Still, there's an appealing overall goofiness, particularly in the details and comedic timing. Hoodwinked Too rarely offers laugh-out-loud moments, but at least it's occasionally amusing—particularly bits involving the over-caffeinated Twitchy and the return of Japeth the Goat (voiced by Benjy Gaither, son of gospel singers Bill and Gloria).
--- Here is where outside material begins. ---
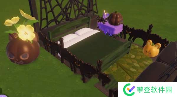 5、最后在里面放上床、南瓜头花盆、灯等物品进行装饰。

Seems like the filmmakers tried too hard to appeal to both young and older, resulting in a movie too inane for adults in story, yet too mature for young children in content. It's little more than a derivative cartoon. Ever notice how some people are so good at what they do that they make it look easy, to the point where imitators try the same and pale by comparison? Hoodwinked Too is like that, competing with films by Pixar and Dreamworks—not to mention its predecessor—and ultimately falling short.Discussion starters
- Why is the Wolf frustrated with Red Riding Hood at the start of this movie? Why does he keep trying to do everything himself? How does his perspective change later in the story?
- Why does Red mistrust the Wolf at first? What personal hang-up is she wrestling with, as revealed in her training with the troll? How does her perspective change as the story progresses?
- How are Red and the Wolf similar in their mistrust? How do they reconcile their differences? Explain how the scene involving the balancing train perfectly illustrates forgiveness and reconciliation.
The Family CornerFor parents to consider
Hoodwinked Too! is rated PG for some mild rude humor, language and action. If your family was alright with Shrek, Kung Fu Panda, and The Incredibles (all PG), they'll probably be okay with this, as the mixture of comedy and superhero action is generally the same. However, there are many adult pop culture references, including Kill Bill, Goodfellas, Silence of the Lambs, Scarface, and Die Hard—all generally harmless and over the heads of young kids. Small children will find the witch scary at the start of the film. A Star Trek parody references McCoy's use of "Dammit, Jim." There are a couple of effeminate characters. And there are sideways references to farts and poop, plus a crotch shot gag.